Find the line with "Эта модель создана" in the records below. Output exactly from there until after the line with "Blick durch die", without pictures.

-- Material provided follows --

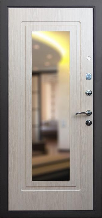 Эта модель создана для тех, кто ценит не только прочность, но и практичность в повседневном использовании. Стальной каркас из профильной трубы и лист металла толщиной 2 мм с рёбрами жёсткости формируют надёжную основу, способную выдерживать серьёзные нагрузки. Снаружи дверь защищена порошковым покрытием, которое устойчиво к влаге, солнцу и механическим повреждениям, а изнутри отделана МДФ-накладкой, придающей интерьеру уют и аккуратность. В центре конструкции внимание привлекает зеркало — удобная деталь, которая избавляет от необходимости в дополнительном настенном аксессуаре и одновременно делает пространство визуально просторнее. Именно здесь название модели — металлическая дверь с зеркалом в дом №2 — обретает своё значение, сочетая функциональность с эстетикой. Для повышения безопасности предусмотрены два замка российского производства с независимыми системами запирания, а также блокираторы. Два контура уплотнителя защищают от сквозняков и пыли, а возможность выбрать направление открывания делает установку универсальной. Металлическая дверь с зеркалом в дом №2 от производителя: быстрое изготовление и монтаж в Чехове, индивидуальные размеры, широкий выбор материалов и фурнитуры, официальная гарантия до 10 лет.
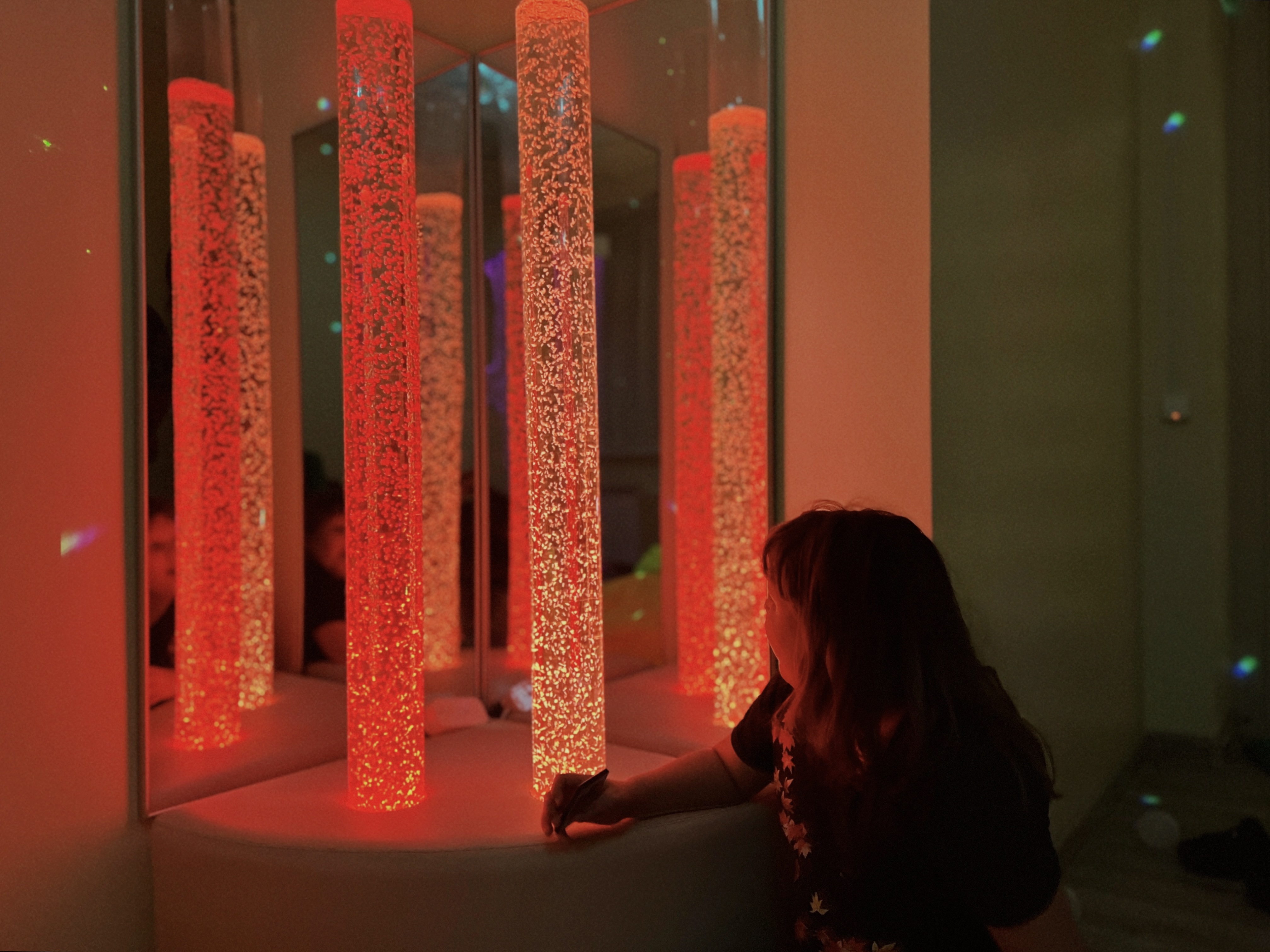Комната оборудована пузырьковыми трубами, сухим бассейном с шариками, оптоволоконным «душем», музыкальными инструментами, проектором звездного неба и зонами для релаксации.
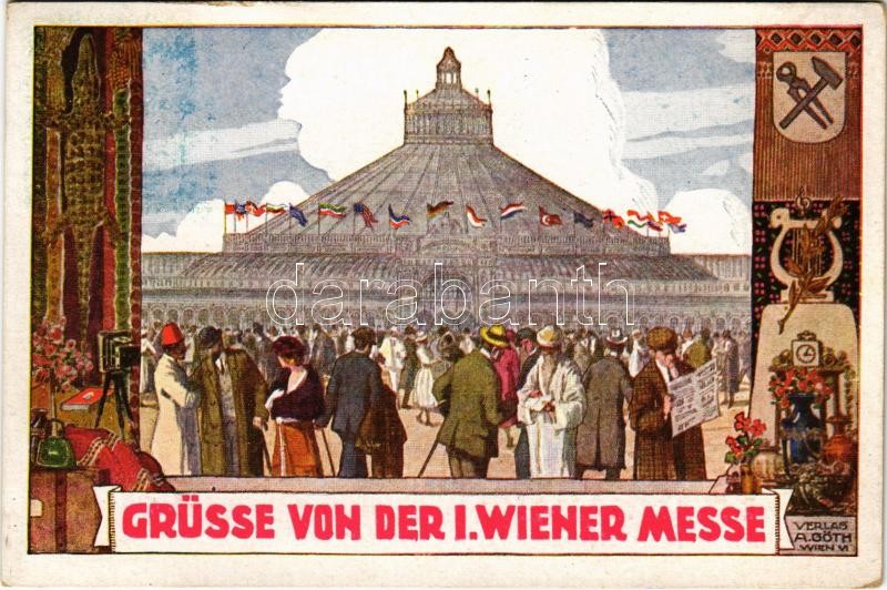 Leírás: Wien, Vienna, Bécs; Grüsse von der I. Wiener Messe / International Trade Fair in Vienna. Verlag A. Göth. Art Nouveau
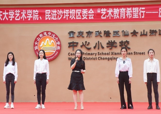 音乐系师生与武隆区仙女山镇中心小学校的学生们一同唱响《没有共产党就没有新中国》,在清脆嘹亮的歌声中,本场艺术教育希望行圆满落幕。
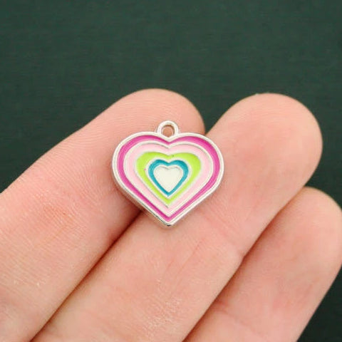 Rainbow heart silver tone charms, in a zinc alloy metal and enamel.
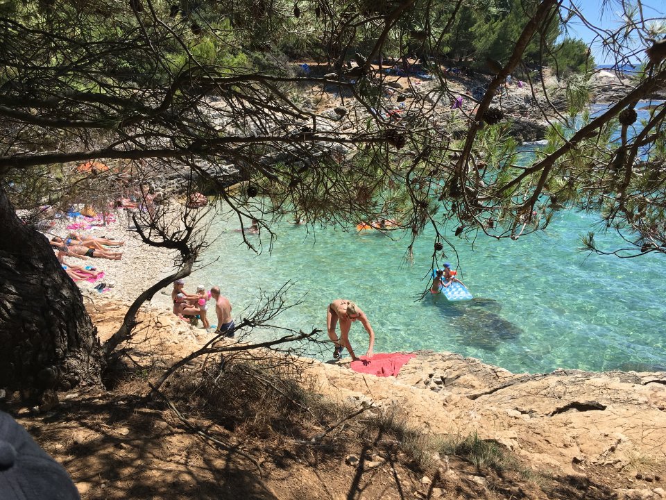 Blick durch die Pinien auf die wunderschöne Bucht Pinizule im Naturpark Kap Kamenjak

-- Material provided concluded --
-- Material provided follows --

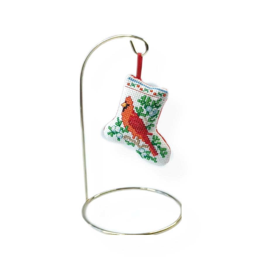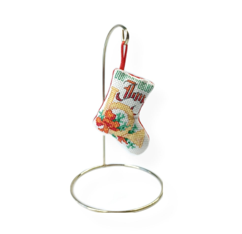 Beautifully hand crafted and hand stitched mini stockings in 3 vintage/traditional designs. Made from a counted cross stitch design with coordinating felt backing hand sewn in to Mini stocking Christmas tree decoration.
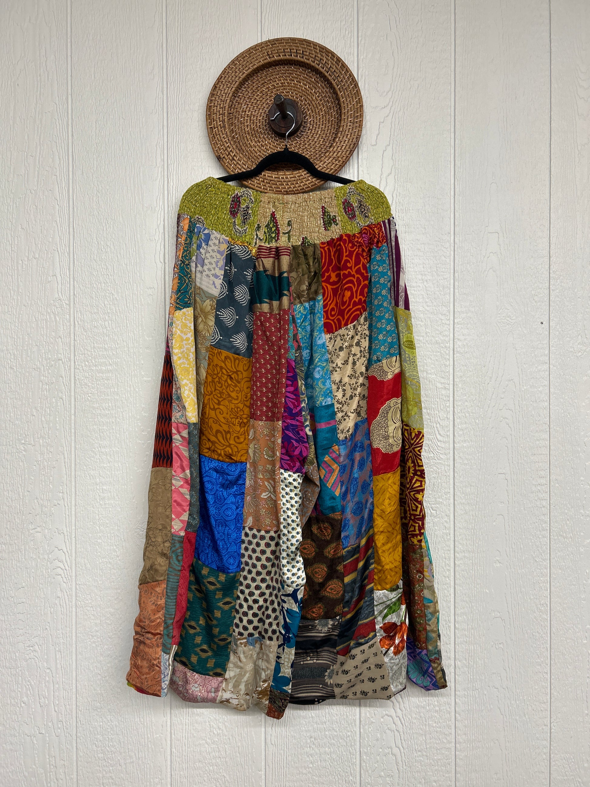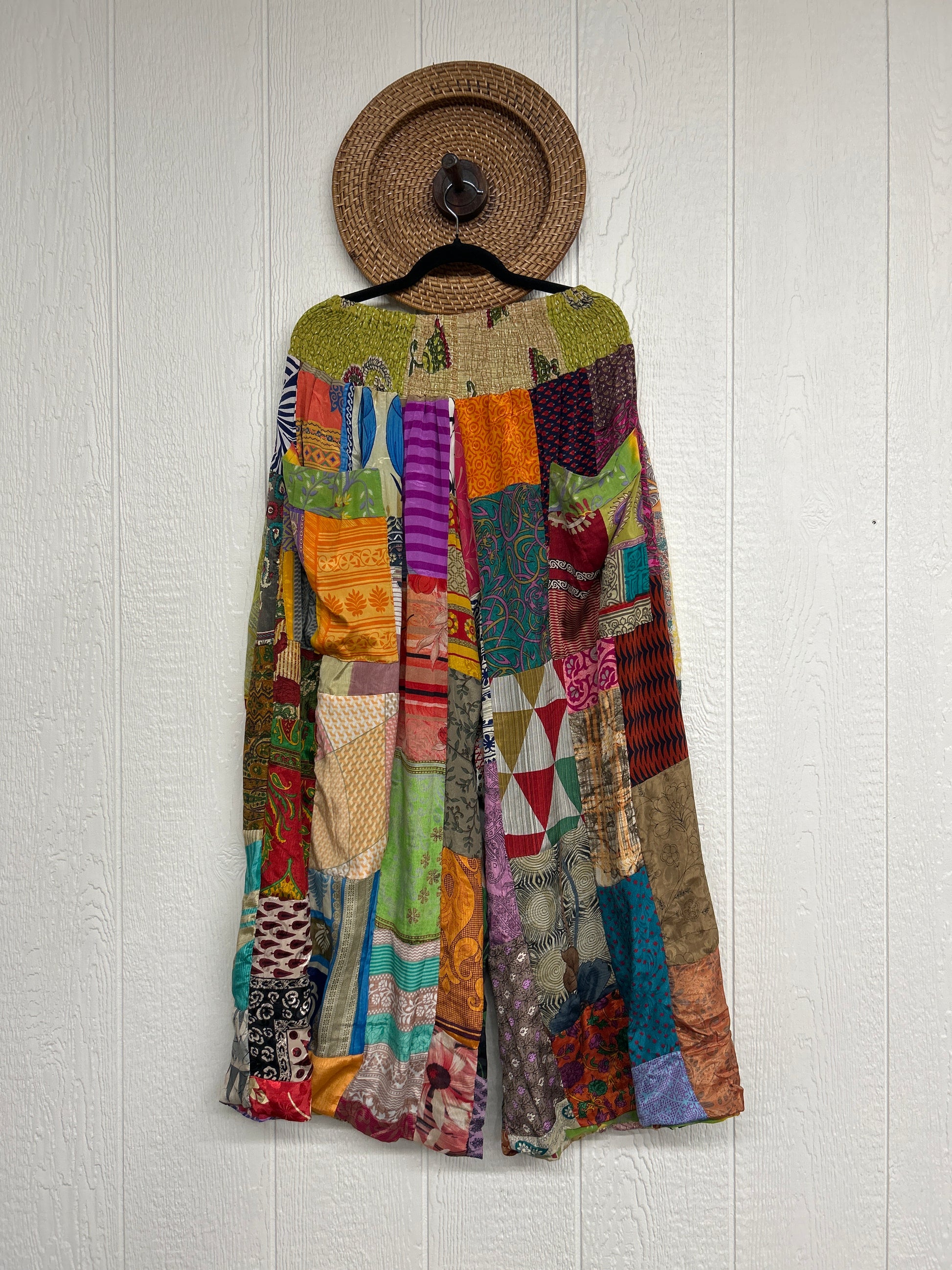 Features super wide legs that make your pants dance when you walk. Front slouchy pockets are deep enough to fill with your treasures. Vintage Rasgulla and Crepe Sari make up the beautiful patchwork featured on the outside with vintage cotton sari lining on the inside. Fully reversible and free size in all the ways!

-- Material provided concluded --
-- Material provided follows --

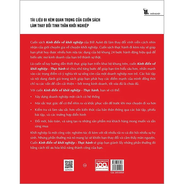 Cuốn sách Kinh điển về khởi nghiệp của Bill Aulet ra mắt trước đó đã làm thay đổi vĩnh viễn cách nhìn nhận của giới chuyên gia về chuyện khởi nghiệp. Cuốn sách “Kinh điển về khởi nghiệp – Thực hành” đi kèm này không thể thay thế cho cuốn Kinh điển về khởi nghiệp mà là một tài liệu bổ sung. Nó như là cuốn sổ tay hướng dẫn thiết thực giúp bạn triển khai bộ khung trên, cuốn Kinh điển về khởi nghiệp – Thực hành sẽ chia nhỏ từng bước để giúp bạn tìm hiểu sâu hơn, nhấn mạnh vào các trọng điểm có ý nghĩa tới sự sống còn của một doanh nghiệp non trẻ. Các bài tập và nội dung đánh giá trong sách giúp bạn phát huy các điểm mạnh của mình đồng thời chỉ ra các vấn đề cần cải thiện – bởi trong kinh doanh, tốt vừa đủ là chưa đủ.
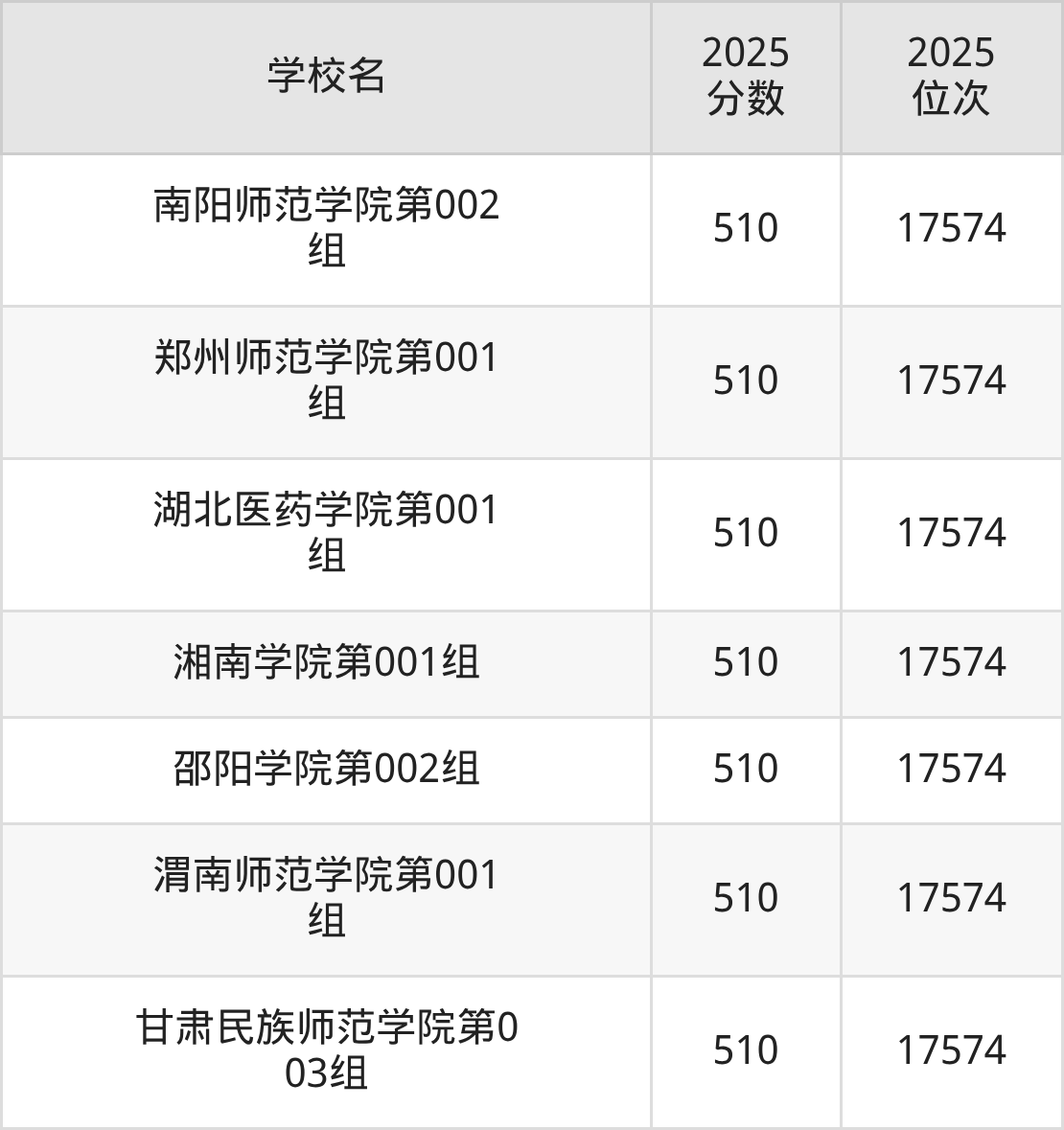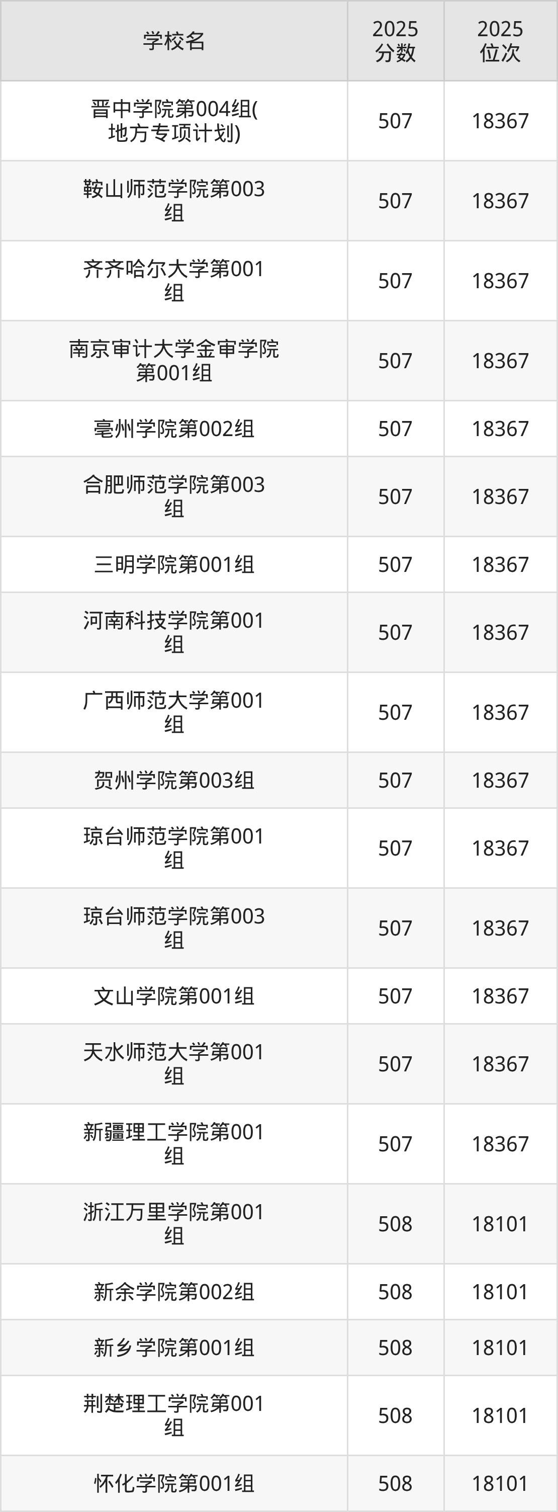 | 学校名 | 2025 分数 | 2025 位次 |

-- Material provided concluded --

**Task response:**
 Эта модель создана для тех, кто ценит не только прочность, но и практичность в повседневном использовании. Стальной каркас из профильной трубы и лист металла толщиной 2 мм с рёбрами жёсткости формируют надёжную основу, способную выдерживать серьёзные нагрузки. Снаружи дверь защищена порошковым покрытием, которое устойчиво к влаге, солнцу и механическим повреждениям, а изнутри отделана МДФ-накладкой, придающей интерьеру уют и аккуратность. В центре конструкции внимание привлекает зеркало — удобная деталь, которая избавляет от необходимости в дополнительном настенном аксессуаре и одновременно делает пространство визуально просторнее. Именно здесь название модели — металлическая дверь с зеркалом в дом №2 — обретает своё значение, сочетая функциональность с эстетикой. Для повышения безопасности предусмотрены два замка российского производства с независимыми системами запирания, а также блокираторы. Два контура уплотнителя защищают от сквозняков и пыли, а возможность выбрать направление открывания делает установку универсальной. Металлическая дверь с зеркалом в дом №2 от производителя: быстрое изготовление и монтаж в Чехове, индивидуальные размеры, широкий выбор материалов и фурнитуры, официальная гарантия до 10 лет.
Комната оборудована пузырьковыми трубами, сухим бассейном с шариками, оптоволоконным «душем», музыкальными инструментами, проектором звездного неба и зонами для релаксации.
 Leírás: Wien, Vienna, Bécs; Grüsse von der I. Wiener Messe / International Trade Fair in Vienna. Verlag A. Göth. Art Nouveau
 音乐系师生与武隆区仙女山镇中心小学校的学生们一同唱响《没有共产党就没有新中国》,在清脆嘹亮的歌声中,本场艺术教育希望行圆满落幕。
 Rainbow heart silver tone charms, in a zinc alloy metal and enamel.
 Blick durch die Pinien auf die wunderschöne Bucht Pinizule im Naturpark Kap Kamenjak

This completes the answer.